## WORK REQUEST:
Starting with the line that contains "Mature Brunette Licks" and stopping after the line that contains "Решение ниже. Ответ: Периметр Δ ВКL=15 cм", copy the entries below exactly. Include nothing else.
EXTRACTED RECORDS below:
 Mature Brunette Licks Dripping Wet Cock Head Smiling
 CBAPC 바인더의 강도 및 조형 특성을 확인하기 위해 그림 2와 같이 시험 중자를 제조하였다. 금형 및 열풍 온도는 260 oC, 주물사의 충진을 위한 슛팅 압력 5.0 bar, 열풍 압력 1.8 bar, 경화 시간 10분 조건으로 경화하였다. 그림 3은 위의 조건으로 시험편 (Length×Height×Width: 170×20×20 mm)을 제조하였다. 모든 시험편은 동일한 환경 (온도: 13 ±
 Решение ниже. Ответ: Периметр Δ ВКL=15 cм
End of EXTRACTED RECORDS.
EXTRACTED RECORDS below:
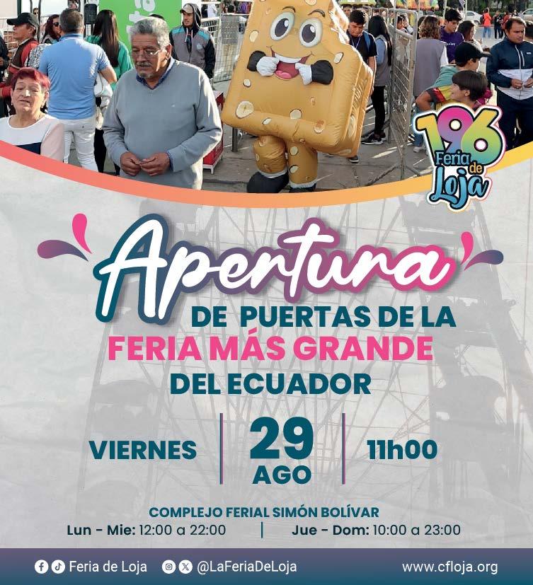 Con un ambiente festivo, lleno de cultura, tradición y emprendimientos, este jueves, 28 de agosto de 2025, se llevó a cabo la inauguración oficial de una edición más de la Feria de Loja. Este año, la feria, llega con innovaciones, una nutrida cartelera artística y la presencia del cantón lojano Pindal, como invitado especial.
End of EXTRACTED RECORDS.
## FINAL ANSWER:
 Mature Brunette Licks Dripping Wet Cock Head Smiling
 CBAPC 바인더의 강도 및 조형 특성을 확인하기 위해 그림 2와 같이 시험 중자를 제조하였다. 금형 및 열풍 온도는 260 oC, 주물사의 충진을 위한 슛팅 압력 5.0 bar, 열풍 압력 1.8 bar, 경화 시간 10분 조건으로 경화하였다. 그림 3은 위의 조건으로 시험편 (Length×Height×Width: 170×20×20 mm)을 제조하였다. 모든 시험편은 동일한 환경 (온도: 13 ±
 Решение ниже. Ответ: Периметр Δ ВКL=15 cм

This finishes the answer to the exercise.